Fellow: Awarded 2012
Field of Study: Music Composition

Competition: US & Canada

University of South Carolina

Hailed as “inventive and breathtaking” by New York Times critic Steven Smith, Fang Man is a Chinese-born composer who lives in the United States. She has obtained a doctorate in music composition from Cornell University, where she studied with Steven Stucky and Roberto Sierra. She also holds a computer music certificate from IRCAM-Paris.
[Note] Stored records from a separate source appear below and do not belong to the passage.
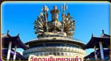
วัดกวนอิมหยวนเต้า
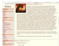
Объявление о продаже
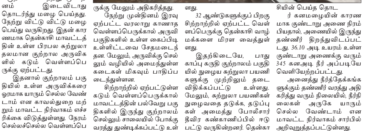
சியின் பெய்த தொடர் கனமழையின் காரணமாக குண்டாறு அணை நிரம்பியதால், அணையில் இருந்து தண்ணீர் திறந்துவிடப்பட்டது. 36.10 அடி உயரம் உள்ள குண்டாறு அணைக்கு வரும் 345 கனஅடி நீர் அப்படியே வெளியேற்றப்பட்டது. அனைத்து நீர்த்தேக்கங்களிலும் தண்ணீர் வரத்து அதிகரித்து வரும் நிலையில், நீர்நிலைகள் அருகே யாரும் செல்ல வேண்டாம் என மாவட்ட நிர்வாகம் சார்பில் அறிவுறுத்தப்பட்டுள்ளது.
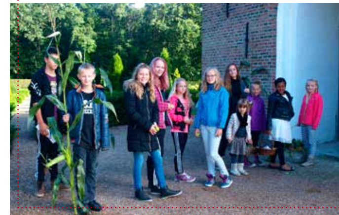
Høstgudstjeneste for børn – hvornår må vi gå ind?
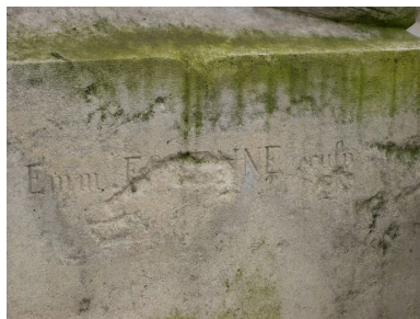
Vue de détail sur la signature du sculpteur : Emmanuel Fontaine.
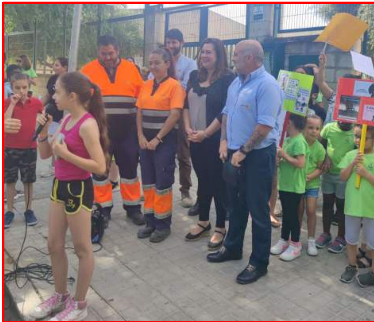
Actividad Lipasam en C.E.I.P. Adriano del Valle con Delegada de Limpieza Viaria 03/06/22
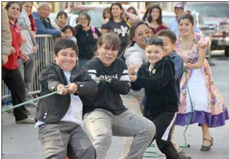
CON FUERZA Y VIGOR. - Así viven las Fiestas Patrias muchos en nuestra comuna, tirando con fuerza de la cuerda de la alegría.
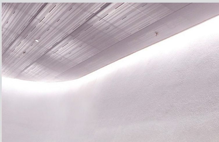
TileLight kombinationsexempel: Rak wwt möter radiell wwt

Fang Man’s original concert music has been performed worldwide by notable orchestras and ensembles such as the Los Angeles Philharmonic Orchestra New Music Group under the baton of Esa-Pekka Salonen, American Composers Orchestra, Tokyo Philharmonic Orchestra, Minnesota Orchestra, Britten-Pears Orchestra (UK), National Orchestre de Lorraine (France), Peabody Symphony Orchestra, Cabrillo Festival Orchestra, and Music from China, among others. She is the recipient of a Koussevitzky Music Foundation commission, Los Angeles Philharmonic commission, an Underwood/ACO New Music commission, Toru Takemitsu Award (Japan), Meet the Composer commission, Dolce Suono Ensemble Mahler-Schoenberg Project commission, Prism Quartet/Music From China commission, Bank of America commission, the Darmstadt Stipend-Prize-Award, SACEM Scholarship (France), Kate Neal Kinley Memorial Fellowship, Frank Huntington Beebe Fellowship, Music from China Award, etc. She has been invited to new music festivals such as the Festival d’Aix-en-Provence (France), Darmstadt New Music Festival (Germany), Centre Acanthes (France), Aspen Music Festival (USA), Gaudeamus Music Week (the Netherlands), and June in Buffalo (USA), among others. And she was a resident composer at the Hermitage Artist Retreat in Florida, Aldeburgh Music Centre in the United Kingdom, and Civitella Ranieri Music Foundation in Italy.

Fang Man previously held positions as a Composer-in-Residence and Assistant Professor of Music at the Baldwin-Wallace Conservatory of Music, and a Visiting Assistant Professor at Duke University. She is currently a Research Assistant Professor at the University of South Carolina.